Elle est heureuse en couple. Absolument. Tout est bien dans sa vie actuelle : un boulot simple, une histoire d’amour simple, une routine apaisante. Elle se tournera à droite pour contempler le coucher de soleil, chaque soir différent. Aujourd’hui, il offre une élégance discrète, pas d’explosions exubérantes de rouges et or, juste le ciel marine très foncé décoré de légères banderoles bleu tendre et rose osé. Ce n’est pas mièvre, c’est délicat.

Elle ira au lit avant lui, comme d’habitude.

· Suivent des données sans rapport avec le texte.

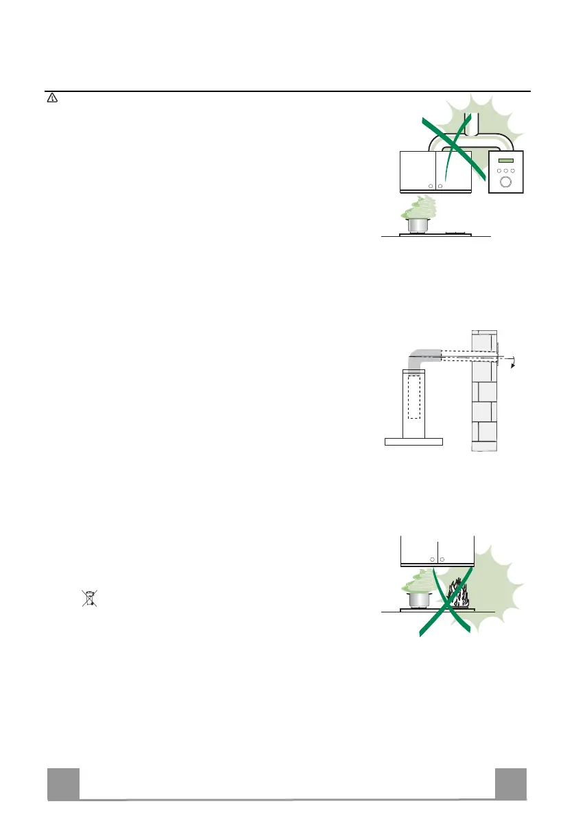 • Anslut inte köksfläkten till frånluftkanaler som leder förbränningsgaser (från pannor, eldstäder etc.).

Il la rejoindra peut-être, la touchera peut-être, elle verra. Elle s’étire et pense à demain, le matin chez la pauvre Madame Faure, l’après-midi chez les agités de Gerdin. Elle pense à son prochain pique-nique, elle a envie de se râper des betteraves avec les carottes, elle adore le mélange des deux goûts, y ajouter le jus de citron, l’huile d’olive et l’ail généreux. Elle pense encore à Madame Faure, la pauvre, elle a promis de lui prêter un livre drôle pour la distraire, elle pense au mot « drôle », puis au mot « livre », connaît-elle seulement un livre drôle ? Pourquoi a-t-elle dit une telle ânerie ? Elle s’endort.